Kapitel 45
Liam schloss die Gartentür hinter mir. „Sht ...", murmelte er. „Alles ist gut." Nein! Nein, verdammt! War es nicht! Nun erlaubte ich es mir, zu schluchzen. Und noch einmal. Und wieder. Ich heulte wie ein Schlosshund und die Tränen liefen wie Wasserfälle über mein Gesicht. Liam schien ein wenig überfordert, doch er schaffte es, mich zu dem Sofa zu führen, auf das er mich setzte. „Lass alles raus.", murmelte er. „Lass alles raus." Immer wieder tauchte Lucius' Gesicht vor mir auf. Er glaubte, dass ich es nicht gesehen hatte. Doch ich hatte es. Ich hatte gesehen, dass Lucius weinte. „Was immer diese Jäger getan haben, du brauchst nur einen Ton zu sagen und ich reiße ihnen die Köpfe ab!", versprach Liam mir, doch anders als er erwartet hatte, beruhigte es mich nicht, sondern brachte mich nur dazu, noch stärker zu weinen. „Nein!", heulte ich. „Tu das nicht!" Das verwirrte Liam endgültig. Von meinem Geheul angelockt, hastete Audra ins Wohnzimmer. Aldric war nirgends zu sehen. Wahrscheinlich befand der sich bereits auf der Arbeit. Entsetzt riss Audra die Augen auf, als sie mich sah. „Ach du lieber Himmel!", rief sie aus und stürzte auf mich zu. Sie riss Liam von mir weg und zog mich in eine feste Umarmung. „Was ist denn passiert?" Sie war mit der Situation überfordert.
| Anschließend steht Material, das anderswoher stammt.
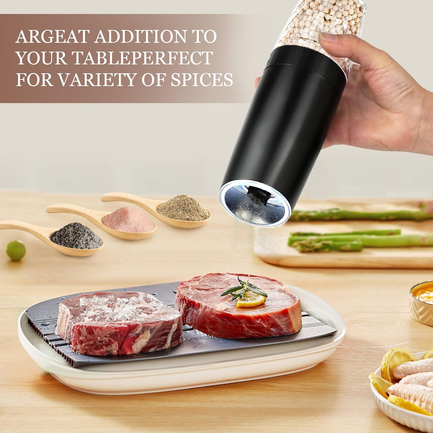 - 【INNOVATIVE DESIGN】The clear diamond-shaped acrylic (BPA-free) compartment allows you to easily identify condiments to avoid confusion. With the LED light, you can easily see how much pepper, salt and other seasonings are in your food. The housing is made of sturdy ABS material that is durable without the risk of glass breakage.

Noch nie hatte sie mich so gesehen. Noch nie hatte sie mich so zerstört gesehen. Und das war ich. Vollkommen zerstört. Von innen heraus. Audra sagte nichts. Sie strich mir einfach immer und immer wieder über den Rücken. Wie hatte das passieren können? Wie hatte Lucius ein Jäger werden können? Der kleine, schüchterne, liebe Lucius? Wie war es dazu gekommen? Und James? Nun gut, er war immer an Lucius Seite geblieben. Also auch dieses mal. Aber die Reyes-Geschwister? Das passte irgendwie nicht zusammen. Weshalb waren sie auch Jäger? Und weshalb hörten sie auf meinen Bruder? Es kam mir so vor, als hätte ich etwas Entscheidendes verpasst. Nun ja, so war es vermutlich auch. Ich atmete tief ein und aus. Zwang mich dazu, mich wieder zu beruhigen. Immerhin musste ich es irgendwie Liam und Audra erklären, wenn ich nicht wollte, dass Liam meinem Bruder und seinen Jägern die Köpfe abriss und Audra irgendetwas Unüberlegtes tat. Ich schluckte. Würde ich es überhaupt aussprechen können? Es war schrecklich.
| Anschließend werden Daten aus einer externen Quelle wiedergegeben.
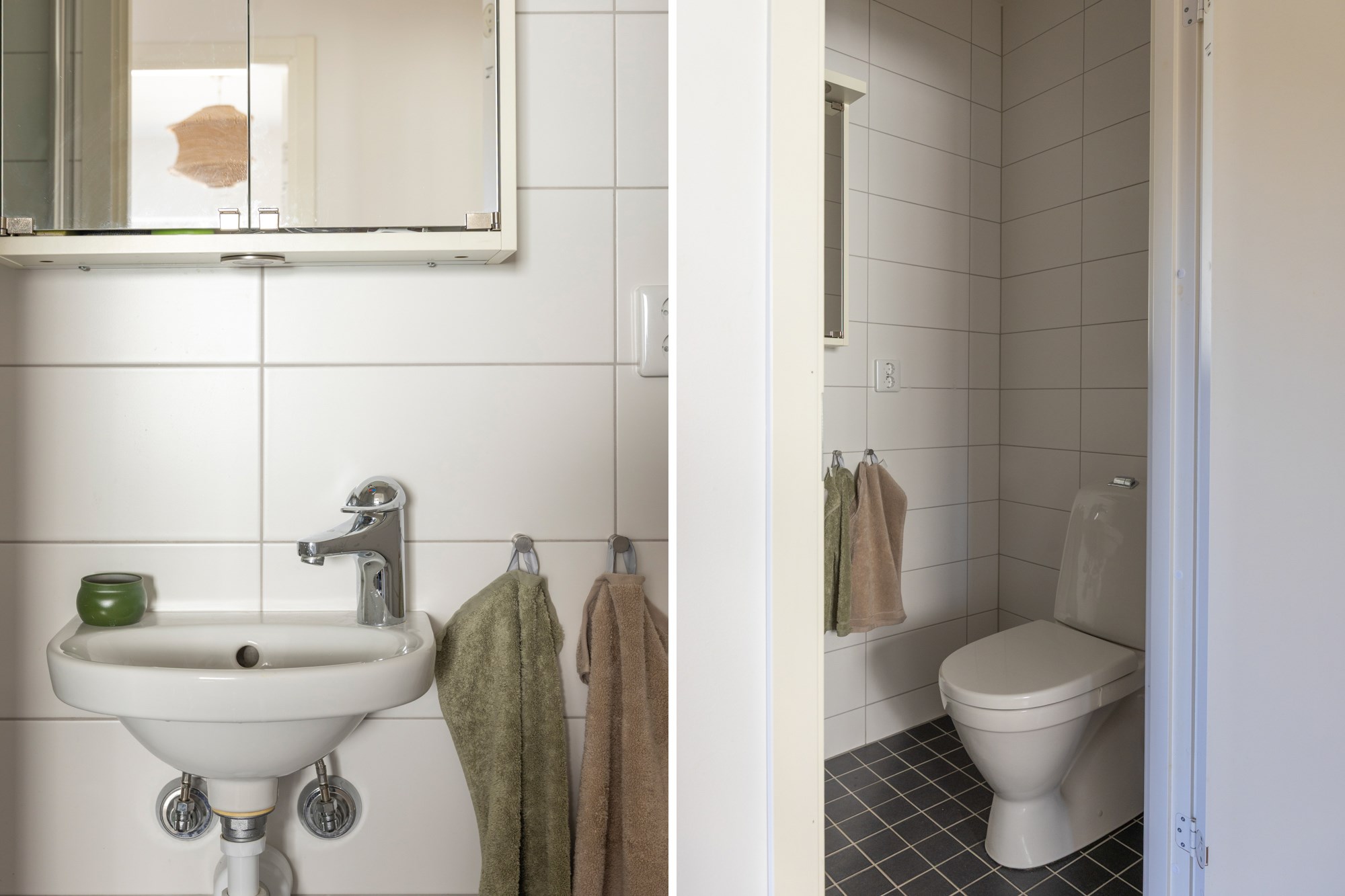 Helkaklat badrum. Grått klinker till golv och vita kaklade väggar. Utrustad med WC, handfat, spegelskåp och dusch.

„Frey?", fragte Liam langsam, vorsichtig. Meine Augen wanderte zu ihm. Dann holte ich einmal tief Luft. „Die Jäger ...", begann ich und überlegte, wie ich es am besten formulieren sollte. Wieder füllten sich meine Augen mit Tränen. „Ich kenne – kannte – sie. Alle außer Brenda." Liam zog seine Augenbrauen zusammen. „Woher ...?", fragte er, bis er anscheinend verstand, was ich ihm versuchte klar zu machen. Seine Augen weiteten sich. „Nein.", murmelte er. „Sag mir, dass das nicht wahr ist." Ich senkte meinen Blick. „Mein Bruder.", flüsterte ich. „Er ist der Anführer. Mein Zwillingsbruder." Liam und Audra schwiegen. Und sie beide starrten mich aus großen Augen an.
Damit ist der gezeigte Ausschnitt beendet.